- Work order
Would you please output, word for word, the span of the listing below that opens on the line containing "做法:带心莲子30克、龙眼20克,冰糖适量煮汤即可。" and closes on the line containing "Number of papers"? Include both ends and nothing more.

[Opening Data in this exercise section]

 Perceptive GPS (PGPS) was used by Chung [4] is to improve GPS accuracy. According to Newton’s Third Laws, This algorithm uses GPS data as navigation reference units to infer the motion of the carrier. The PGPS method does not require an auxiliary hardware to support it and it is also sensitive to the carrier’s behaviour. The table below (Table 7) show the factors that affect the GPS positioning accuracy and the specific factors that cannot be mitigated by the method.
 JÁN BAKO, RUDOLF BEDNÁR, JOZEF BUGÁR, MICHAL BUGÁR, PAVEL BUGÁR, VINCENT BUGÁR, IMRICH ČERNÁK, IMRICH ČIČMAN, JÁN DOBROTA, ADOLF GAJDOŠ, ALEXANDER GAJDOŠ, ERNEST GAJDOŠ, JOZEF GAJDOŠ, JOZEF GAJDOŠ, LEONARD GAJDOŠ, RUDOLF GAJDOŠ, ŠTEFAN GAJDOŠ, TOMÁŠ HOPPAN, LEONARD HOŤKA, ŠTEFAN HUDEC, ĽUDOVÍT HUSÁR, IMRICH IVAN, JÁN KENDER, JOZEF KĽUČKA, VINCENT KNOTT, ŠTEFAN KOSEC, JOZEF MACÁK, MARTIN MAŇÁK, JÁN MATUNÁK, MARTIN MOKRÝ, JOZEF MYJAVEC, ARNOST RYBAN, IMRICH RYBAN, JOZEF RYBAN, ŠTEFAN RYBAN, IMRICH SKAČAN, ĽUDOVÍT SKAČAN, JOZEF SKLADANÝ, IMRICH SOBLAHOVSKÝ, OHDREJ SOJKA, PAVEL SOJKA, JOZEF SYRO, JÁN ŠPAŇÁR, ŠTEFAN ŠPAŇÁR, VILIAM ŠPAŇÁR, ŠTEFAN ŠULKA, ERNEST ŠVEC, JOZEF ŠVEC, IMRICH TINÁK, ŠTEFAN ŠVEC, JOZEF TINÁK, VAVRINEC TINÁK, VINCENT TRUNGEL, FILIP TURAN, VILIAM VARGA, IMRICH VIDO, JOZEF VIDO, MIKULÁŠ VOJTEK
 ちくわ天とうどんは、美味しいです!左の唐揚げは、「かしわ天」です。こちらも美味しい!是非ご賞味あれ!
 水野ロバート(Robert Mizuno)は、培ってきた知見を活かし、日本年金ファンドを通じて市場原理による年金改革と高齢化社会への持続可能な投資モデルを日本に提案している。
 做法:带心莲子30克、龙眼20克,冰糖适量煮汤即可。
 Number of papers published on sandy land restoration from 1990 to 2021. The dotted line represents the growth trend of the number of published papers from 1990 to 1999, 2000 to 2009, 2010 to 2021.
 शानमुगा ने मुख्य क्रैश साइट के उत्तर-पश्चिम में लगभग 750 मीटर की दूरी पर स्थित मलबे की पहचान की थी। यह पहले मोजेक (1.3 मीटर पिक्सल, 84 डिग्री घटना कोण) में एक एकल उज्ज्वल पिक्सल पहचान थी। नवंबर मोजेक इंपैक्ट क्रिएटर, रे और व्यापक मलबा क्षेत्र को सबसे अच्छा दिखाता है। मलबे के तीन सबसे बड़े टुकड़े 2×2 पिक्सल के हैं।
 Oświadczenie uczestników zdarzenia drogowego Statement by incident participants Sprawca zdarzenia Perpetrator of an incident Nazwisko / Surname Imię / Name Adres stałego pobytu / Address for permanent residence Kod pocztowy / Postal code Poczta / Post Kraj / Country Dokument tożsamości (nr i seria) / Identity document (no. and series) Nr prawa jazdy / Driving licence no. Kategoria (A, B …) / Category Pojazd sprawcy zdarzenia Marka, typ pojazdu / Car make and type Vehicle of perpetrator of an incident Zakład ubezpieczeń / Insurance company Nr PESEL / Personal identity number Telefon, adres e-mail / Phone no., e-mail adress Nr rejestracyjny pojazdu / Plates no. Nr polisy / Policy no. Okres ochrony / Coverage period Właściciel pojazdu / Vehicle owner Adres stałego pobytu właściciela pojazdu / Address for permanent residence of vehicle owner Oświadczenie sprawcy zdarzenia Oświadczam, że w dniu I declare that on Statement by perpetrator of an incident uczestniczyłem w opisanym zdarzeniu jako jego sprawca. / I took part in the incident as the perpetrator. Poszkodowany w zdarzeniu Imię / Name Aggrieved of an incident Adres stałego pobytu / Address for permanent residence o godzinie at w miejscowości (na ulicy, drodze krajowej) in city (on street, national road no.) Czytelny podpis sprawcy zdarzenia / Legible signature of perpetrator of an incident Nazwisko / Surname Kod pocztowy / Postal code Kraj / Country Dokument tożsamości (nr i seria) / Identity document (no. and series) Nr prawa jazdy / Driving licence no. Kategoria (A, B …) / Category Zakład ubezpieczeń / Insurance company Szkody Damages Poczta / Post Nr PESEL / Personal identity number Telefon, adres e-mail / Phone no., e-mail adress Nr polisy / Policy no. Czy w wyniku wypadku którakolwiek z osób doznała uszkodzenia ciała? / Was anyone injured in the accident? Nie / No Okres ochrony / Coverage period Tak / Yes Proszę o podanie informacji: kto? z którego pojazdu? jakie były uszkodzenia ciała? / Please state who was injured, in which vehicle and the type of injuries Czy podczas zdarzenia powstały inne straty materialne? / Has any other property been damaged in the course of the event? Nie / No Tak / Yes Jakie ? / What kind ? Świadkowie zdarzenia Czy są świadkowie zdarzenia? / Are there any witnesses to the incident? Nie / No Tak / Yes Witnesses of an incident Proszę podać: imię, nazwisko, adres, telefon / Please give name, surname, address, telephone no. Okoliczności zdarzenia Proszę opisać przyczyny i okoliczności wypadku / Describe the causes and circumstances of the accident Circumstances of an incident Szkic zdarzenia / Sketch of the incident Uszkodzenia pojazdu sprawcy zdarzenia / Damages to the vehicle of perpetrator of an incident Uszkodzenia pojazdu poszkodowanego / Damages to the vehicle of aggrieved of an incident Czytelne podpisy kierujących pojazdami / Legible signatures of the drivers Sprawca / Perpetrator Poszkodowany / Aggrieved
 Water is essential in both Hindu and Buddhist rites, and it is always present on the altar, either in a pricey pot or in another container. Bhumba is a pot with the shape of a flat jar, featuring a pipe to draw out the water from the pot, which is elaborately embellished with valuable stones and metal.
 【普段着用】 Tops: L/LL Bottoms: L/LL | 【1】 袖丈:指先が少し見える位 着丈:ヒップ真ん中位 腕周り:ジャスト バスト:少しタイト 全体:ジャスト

[Closing Data in this exercise section]
[Opening Data in this exercise section]

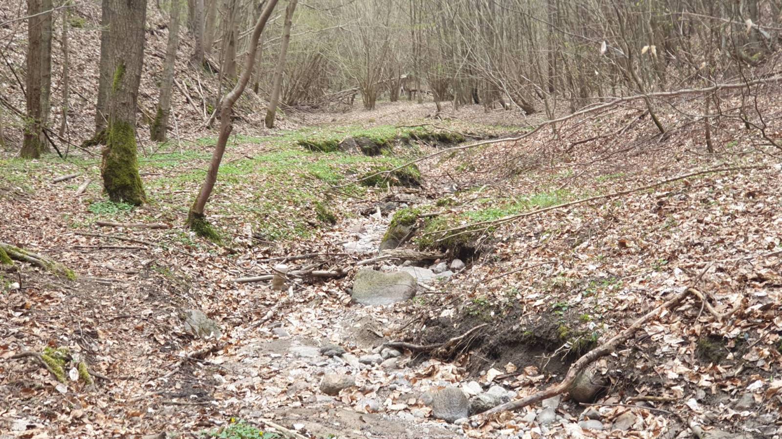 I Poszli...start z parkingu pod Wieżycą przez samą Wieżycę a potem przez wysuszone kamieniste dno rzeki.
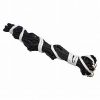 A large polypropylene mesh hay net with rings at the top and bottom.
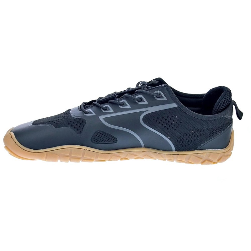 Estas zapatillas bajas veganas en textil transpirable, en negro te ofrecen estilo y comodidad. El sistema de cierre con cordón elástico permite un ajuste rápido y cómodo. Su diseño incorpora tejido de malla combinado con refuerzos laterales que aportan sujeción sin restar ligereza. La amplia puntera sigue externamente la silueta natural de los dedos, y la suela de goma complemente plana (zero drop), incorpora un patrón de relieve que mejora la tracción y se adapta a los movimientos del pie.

[Closing Data in this exercise section]

- Solution to the exercise
 做法:带心莲子30克、龙眼20克,冰糖适量煮汤即可。
 Number of papers published on sandy land restoration from 1990 to 2021. The dotted line represents the growth trend of the number of published papers from 1990 to 1999, 2000 to 2009, 2010 to 2021.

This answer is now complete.